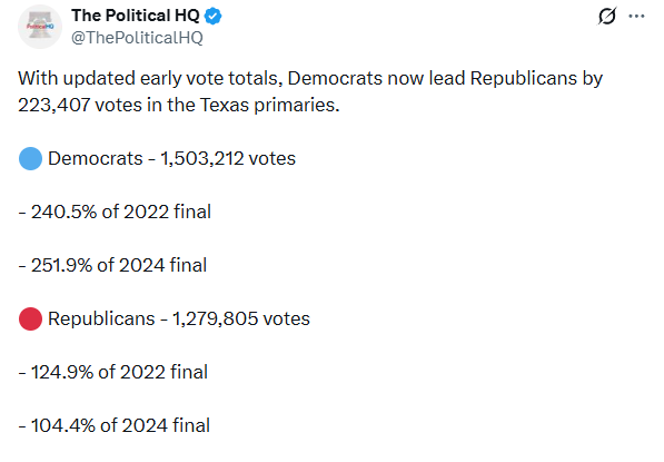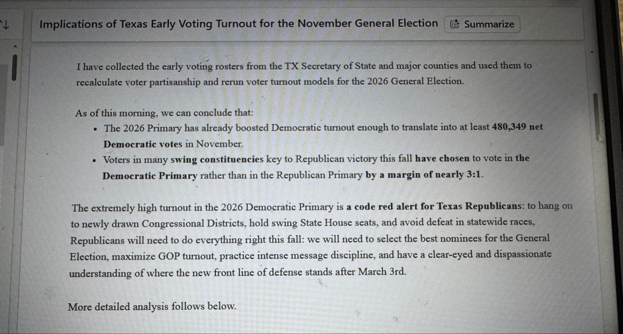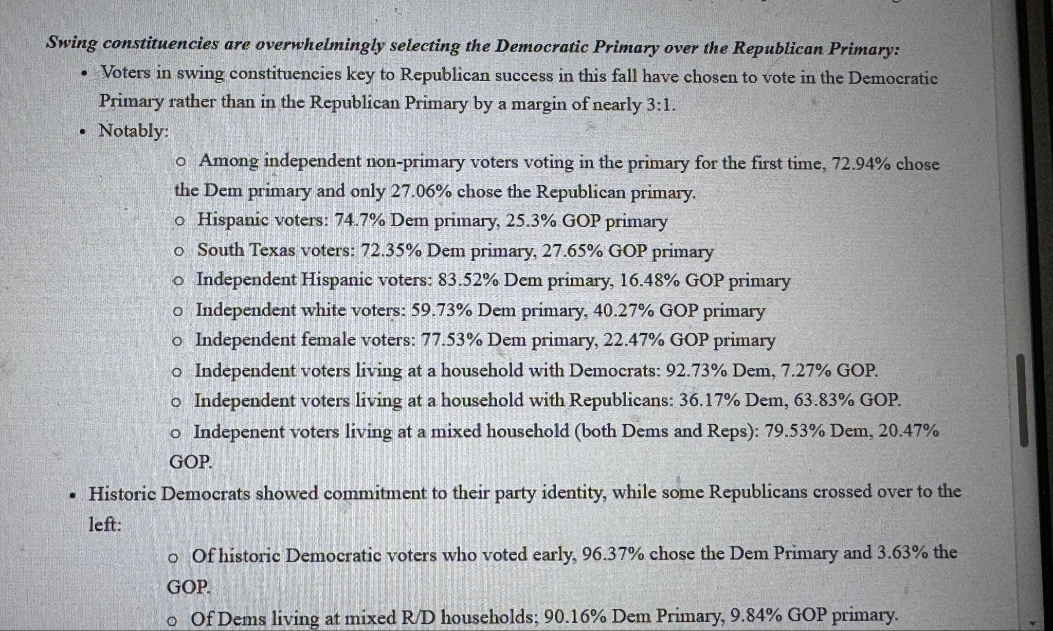 At the same time, the coalition itself is evolving in real time. Black voters remain a central pillar of the Democratic electorate. White suburban voters are re-entering the Democratic primary universe in larger numbers. Latino turnout is surging in some regions and lagging in others. And because this primary has drawn in so many new and irregular voters, the final margins in races like Crockett vs. Talarico will likely reflect not persuasion, but composition (who showed up, and in what proportion).
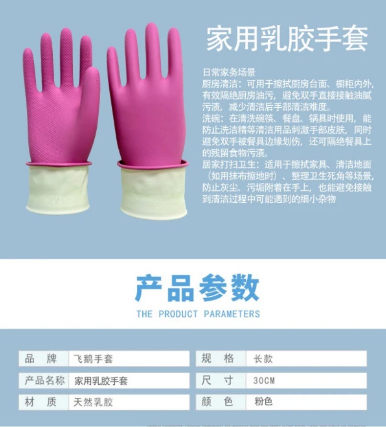 Guantes domésticos cocina limpia impermeable a prueba de agua a prueba de aceite lavandería doméstica lavaplatos goma al por mayor
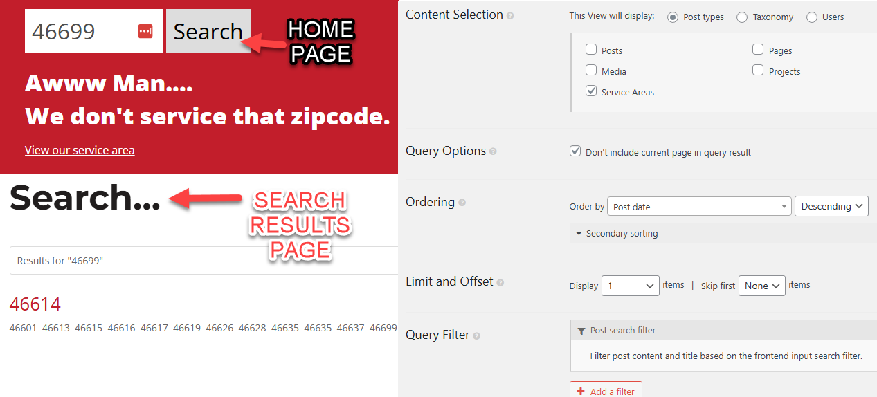 I am trying to: Change from having the wpv-filter-search-box filter only searching titles to also searching contents. I've changed the option on the view and it shows "Filter post content and title based on the frontend input search filter." More information: my service areas are titled by zipcodes. People put in their zipcode and it tells them if it is serviceable and links to service area page. We now have service areas for cities that have multiple zipcodes so I'm trying to put the extra zipcodes in the content of the post so it shows as serviceable.

☆ ☆ ☆

* [PROBLEM TO WORK ON]: Write out again every line above exactly as given; the pictures do not belong in the copy.

* [RESPONSE FOR THIS EXERCISE]:
 At the same time, the coalition itself is evolving in real time. Black voters remain a central pillar of the Democratic electorate. White suburban voters are re-entering the Democratic primary universe in larger numbers. Latino turnout is surging in some regions and lagging in others. And because this primary has drawn in so many new and irregular voters, the final margins in races like Crockett vs. Talarico will likely reflect not persuasion, but composition (who showed up, and in what proportion).
 Guantes domésticos cocina limpia impermeable a prueba de agua a prueba de aceite lavandería doméstica lavaplatos goma al por mayor
 I am trying to: Change from having the wpv-filter-search-box filter only searching titles to also searching contents. I've changed the option on the view and it shows "Filter post content and title based on the frontend input search filter." More information: my service areas are titled by zipcodes. People put in their zipcode and it tells them if it is serviceable and links to service area page. We now have service areas for cities that have multiple zipcodes so I'm trying to put the extra zipcodes in the content of the post so it shows as serviceable.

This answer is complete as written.